The Papandayan merupakan salah satu hotel yang sudah berdiri cukup lama di Kota Bandung, dan berdasarkan penelitian pra-survey cukup menggambarkan bahwa brand awareness publik terhadap The Papandayan sudah cukup baik. Namun disinilah yang perlu menjadi perhatian bahwa meskipun sebuah brand sudah memiliki tingkat awareness yang baik, belum tentu brand tersebut menjadi pilihan pertama bagi publik atau dengan kata lain belum memiliki positioning yang baik di benak konsumen. Maka dari itu penelitian ini bertujuan untuk mengembangkan strategi brand positioning dari The Papandayan agar The Papandayan mampu mempertahankan daya saingnya di tengah banyaknya bermunculan hotel – hotel baru di kota Bandung
Metode penelitian yang digunakan adalah kualitatif dengan pengumpulan data menggunakan wawancara, dan juga observasi langsung. Peneliti menggunakan kerangka teoretis dari Ghodeswar untuk mengetahui positioning The Papandayan saat ini sehingga dapat diusulkan beberapa strategi baru. Penyelesaian masalah dilakukan dengan melihat kondisi eksisting dari strategi brand positioning The Papandayan, kemudian diusulkan strategi baru agar brand positioningnya menjadi lebih efektif.

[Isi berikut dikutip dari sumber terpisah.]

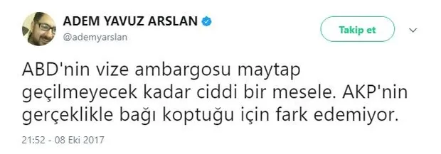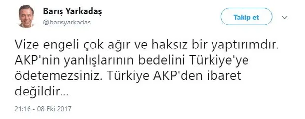 Sosyal medya hesabından yaptığı paylaşımda 'Vize engeli çok ağır ve haksız bir yaptırımdır. AKP'nin yanlışlarının bedelini Türkiye'ye ödetemezsiniz. Türkiye AKP'den ibaret değildir' dedi. Yarkadaş'a tepkiler çığ gibi büyüyor..
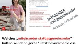 Oder anders gesagt: jetzt haben wir den Salat. Der Slogan „miteinander statt gegeneinander“ wird nun von beiden Lagern verwendet. Wobei man davon ausgehen darf, dass die SP den Begriff „miteinander“…

Hasil penelitian memperlihatkan bahwa untuk membangun brand positioning yang baik, The Papandayan harus memperhatikan beberapa hal seperti mengkomunikasikan brand dengan baik kepada public, kemudian menunjukkan kinerja brand yang baik serta mempertahankan ekuitas merek yang optimal di mata public sehinga pada akhirnya The Papandayan bisa menjadi pilihan pertama bagi turis yang berkunjung ke kota Bandung. Adapun beberapa solusi yang bisa diusulkan antara lain dengan memanfaatkan kerjasama dengan beberapa travel agent baik online maupun offline, serta mengadakan berbagai kegiatan offline yang diharapkan dapat membentuk positioning tertentu dan meningkatkan keinginan public untuk menginap di The Papandayan ataupun menggunakan fasilitas-fasilitas yang ada di The Papandayan.